Whole-array arithmetic
e.g. transformed_a * b
, which multiplies transformed_a
and b
element by element.
Cython doesn't help you here - it's just a disguised function call (although Pythran+Cython may have some benefits). For large arrays this kind of operation is pretty efficient in Numpy so don't overthink it.
Note that whole-array operations aren't defined for Cython typed memoryviews, so you need to do np.asarray(memview)
to get them back to Numpy arrays. This typically doesn't need a copy and is quick.
For some operations like this, you can use BLAS
and LAPACK
functions (which are fast C implementations of array and matrix operations). Scipy provies a Cython interface for them (https://docs.scipy.org/doc/scipy/reference/linalg.cython_blas.html) to use.
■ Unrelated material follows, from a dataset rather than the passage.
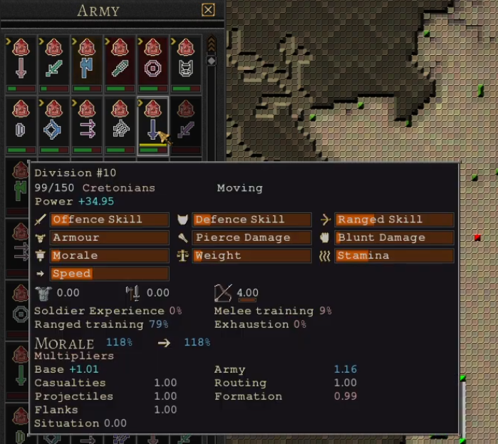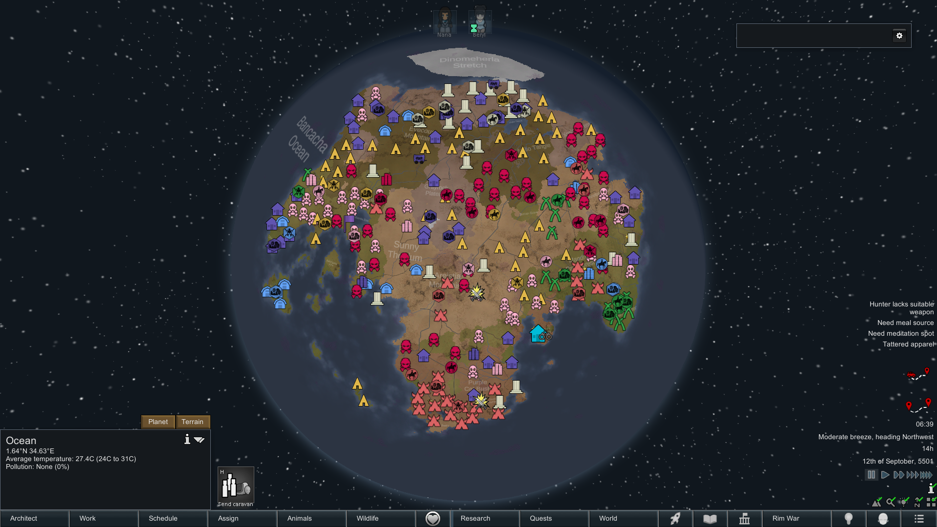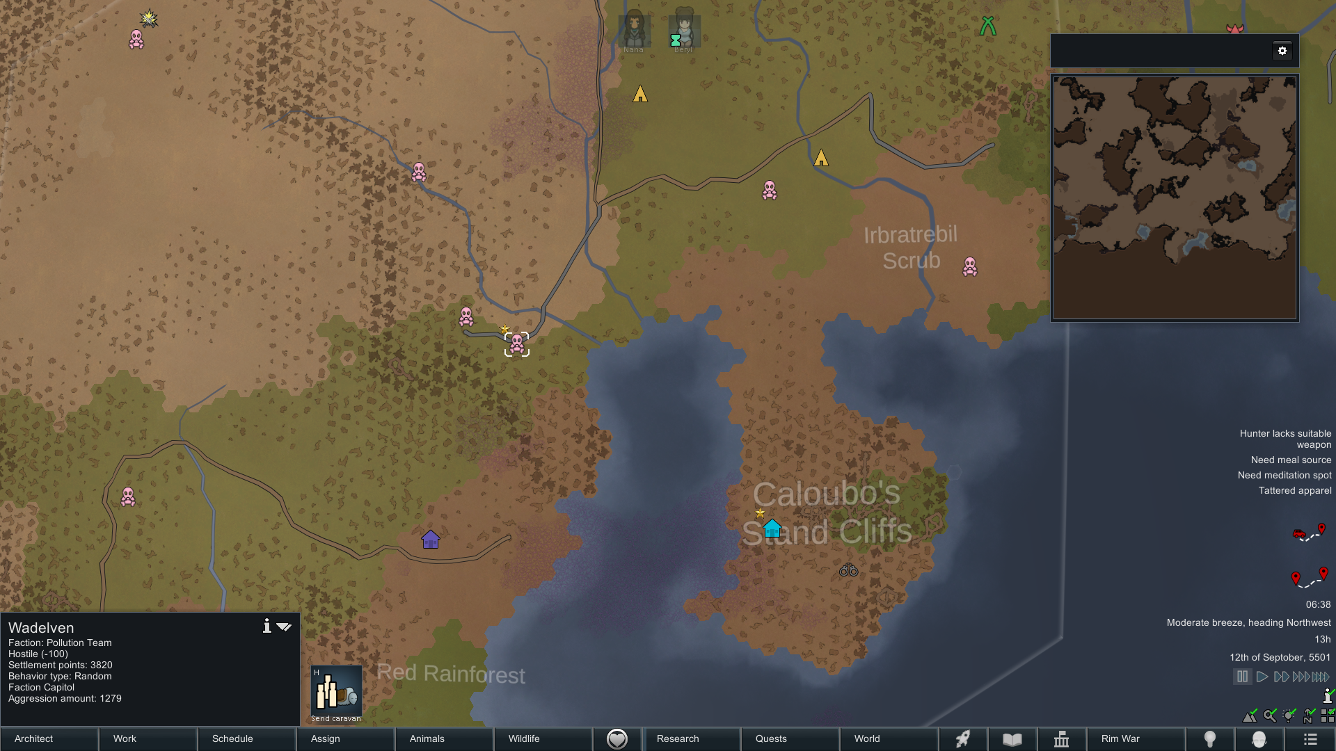 Побродил по Дальним Землям и Берегу Грозового Ущелья. Хотел дойти до Запретного Острова, но чота как-то там куча разных бандитских фракций. И Разбойники, и Луговые собачкипираты, Чёрный пёс, какие-то сраные культисты. Вот вроде все слабенькие (относительно моего отряда), но их много, и они так и норовят покоцать не людишек, а скотину. Быки и собаки без брони, и в них с пары ударов лапы в минус, соответственно скорость всего отряда падает; а без быков я в такую даль не попрусь, обратно ж надо будет лут тащить.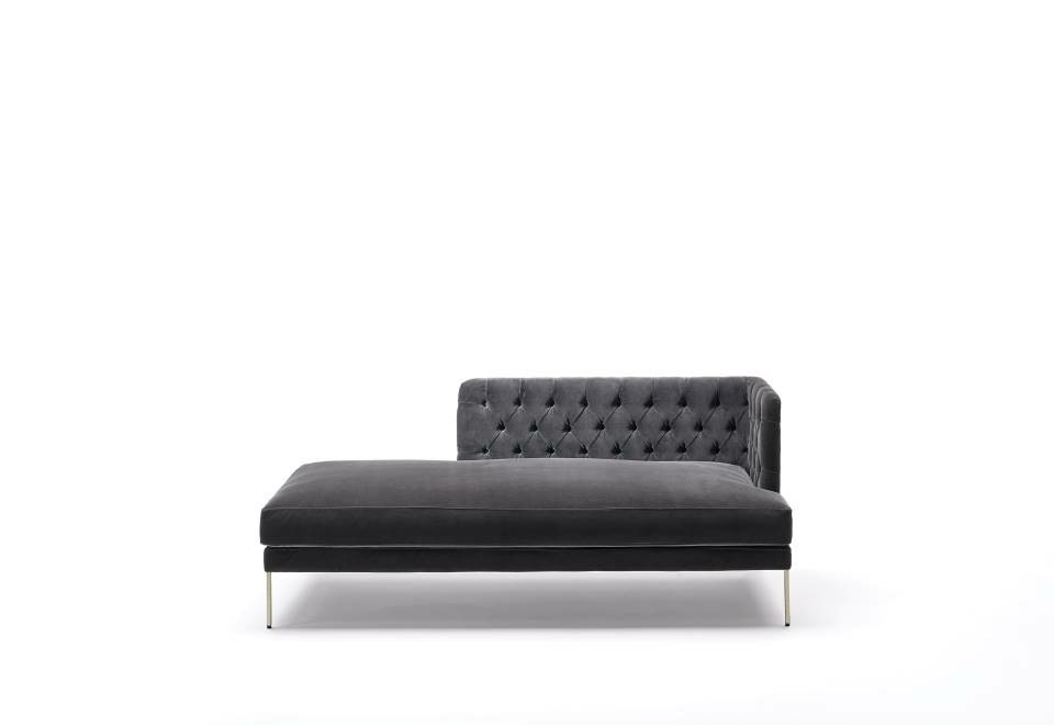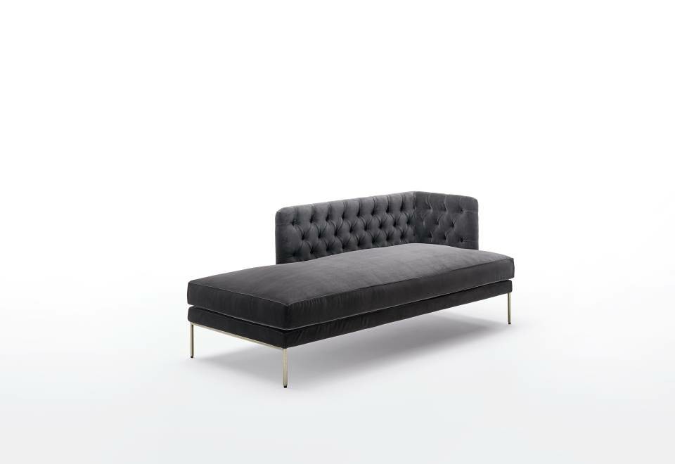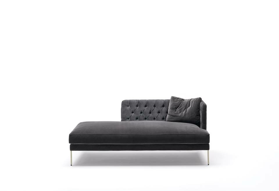 Dormeuse with armrest and backrest frame in multilayer poplar wood and padding, with “capitonné” working, in differentiated density polyurethane foam with acrylic fibre layers. Seat chassis in 50x30mm tubular steel with black epoxy powder coating, sprung with coated rubber elastic straps and padded in polyurethane foam covered in 100% polyether thermally bonded onto a polyamide velveteen backing. Seat cushions in differentiated density polyurethane foam and Visco-soft covered with acrylic fibre layers. Tubular steel feet, joined by a bracket in square section 15x15mm, with epoxy powder coating burnished color with adjustable black PVC tips. Armrest and backrest upholstery, with capitonné working, non-removable in both leather or fabric version; seat cushion upholstery in fabric or leather, both fully removable by zippers.

They're a little more complex to use that the natural Python code.
The illustrative example
Just for completeness, I'd write it something like:
import numpy as np
from libc.math cimport sin
cimport cython
@cython.boundscheck(False)
@cython.wraparound(False)
def some_func(double[::1] a, b):
cdef double[::1] transformed_a = np.zeros_like(a)
cdef double last = 0
cdef double an, delta
cdef Py_ssize_t n
for n in range(1, a.shape[0]):
an = a[n]
if an > 0:
delta = an - a[n-1]
transformed_a[n] = delta*last
else:
last = sin(an)
return np.asarray(transformed_a) * b
which is a little over 10x faster.
cython -a
is helpful here - it produces an annotated HTML file that shows which lines contain a lot of interaction with Python.